* _ABOUT THIS EXERCISE_:
In the data below, find the line containing "la stagione domestica." and the line containing "An elegant Mustard", then reproduce them and every line between, exactly. Omit pictures.

··· EXERCISE DATA ···

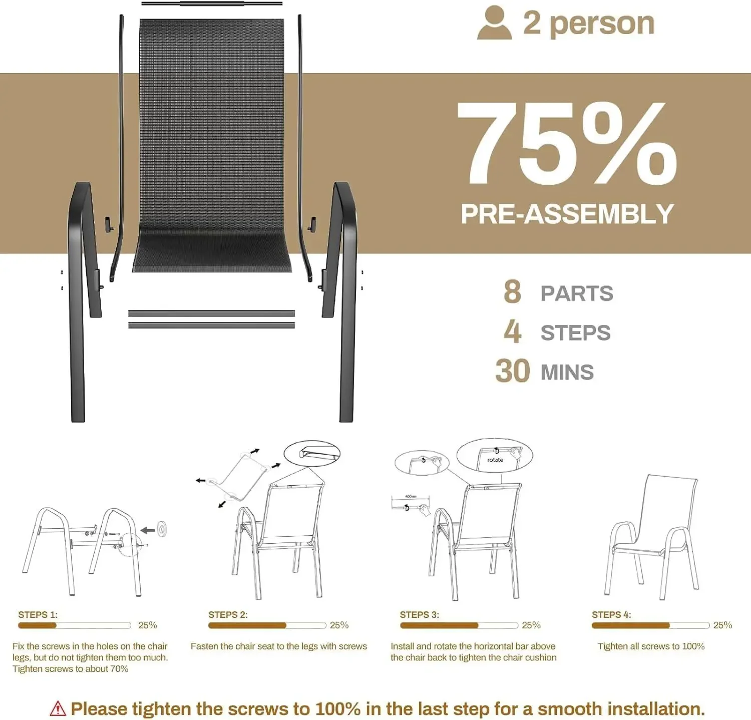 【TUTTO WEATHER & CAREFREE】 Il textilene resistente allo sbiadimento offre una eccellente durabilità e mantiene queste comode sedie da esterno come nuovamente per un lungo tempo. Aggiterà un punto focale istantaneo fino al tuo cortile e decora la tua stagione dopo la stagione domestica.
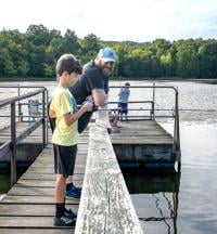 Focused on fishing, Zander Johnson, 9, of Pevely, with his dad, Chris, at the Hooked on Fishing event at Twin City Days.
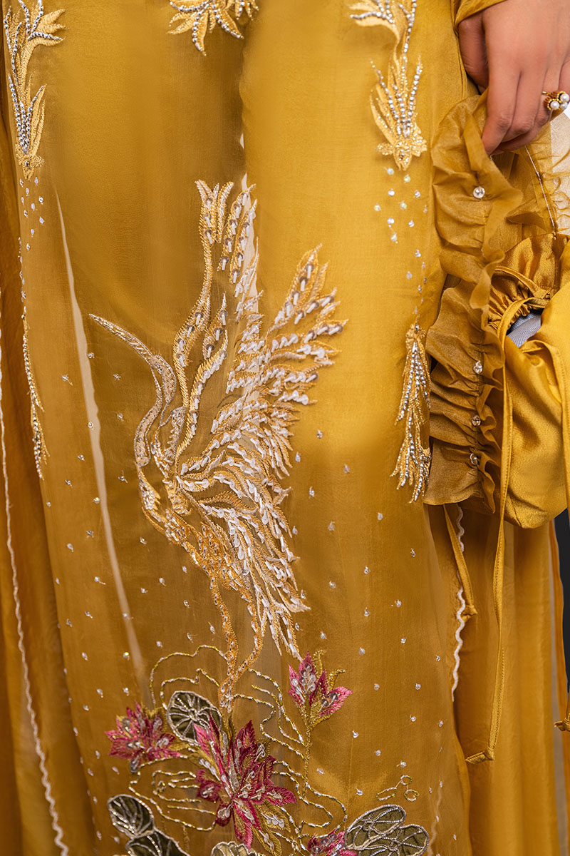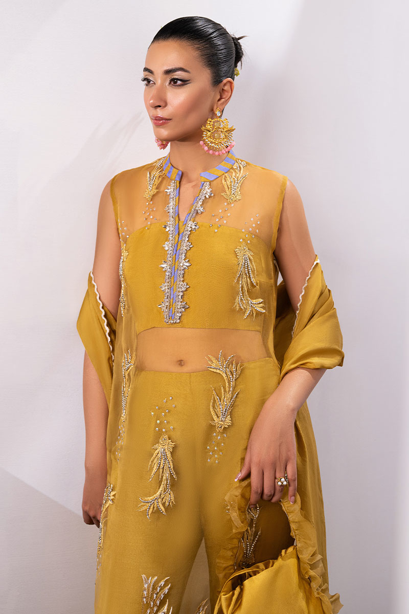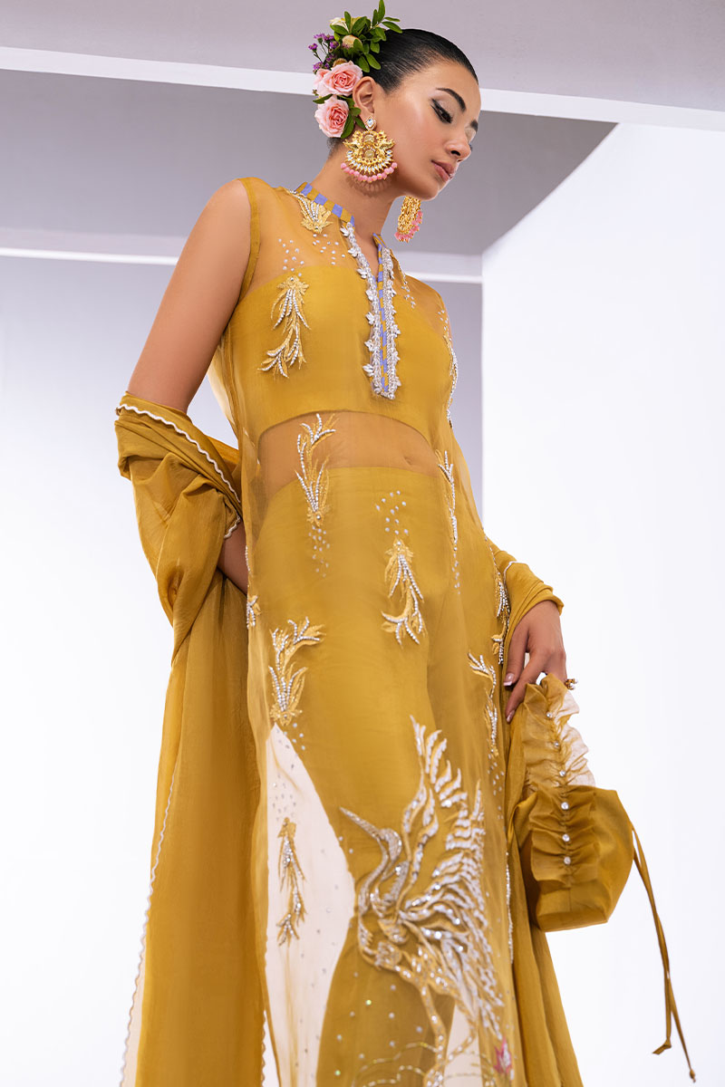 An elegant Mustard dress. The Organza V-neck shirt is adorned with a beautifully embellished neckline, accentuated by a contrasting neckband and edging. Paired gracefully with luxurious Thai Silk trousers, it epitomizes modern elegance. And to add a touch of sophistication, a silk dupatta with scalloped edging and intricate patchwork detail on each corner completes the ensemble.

···
··· EXERCISE DATA ···

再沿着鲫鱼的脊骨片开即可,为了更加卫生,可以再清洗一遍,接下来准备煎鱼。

···

* _EXERCISE ANSWER_:
 【TUTTO WEATHER & CAREFREE】 Il textilene resistente allo sbiadimento offre una eccellente durabilità e mantiene queste comode sedie da esterno come nuovamente per un lungo tempo. Aggiterà un punto focale istantaneo fino al tuo cortile e decora la tua stagione dopo la stagione domestica.
 Focused on fishing, Zander Johnson, 9, of Pevely, with his dad, Chris, at the Hooked on Fishing event at Twin City Days.
 An elegant Mustard dress. The Organza V-neck shirt is adorned with a beautifully embellished neckline, accentuated by a contrasting neckband and edging. Paired gracefully with luxurious Thai Silk trousers, it epitomizes modern elegance. And to add a touch of sophistication, a silk dupatta with scalloped edging and intricate patchwork detail on each corner completes the ensemble.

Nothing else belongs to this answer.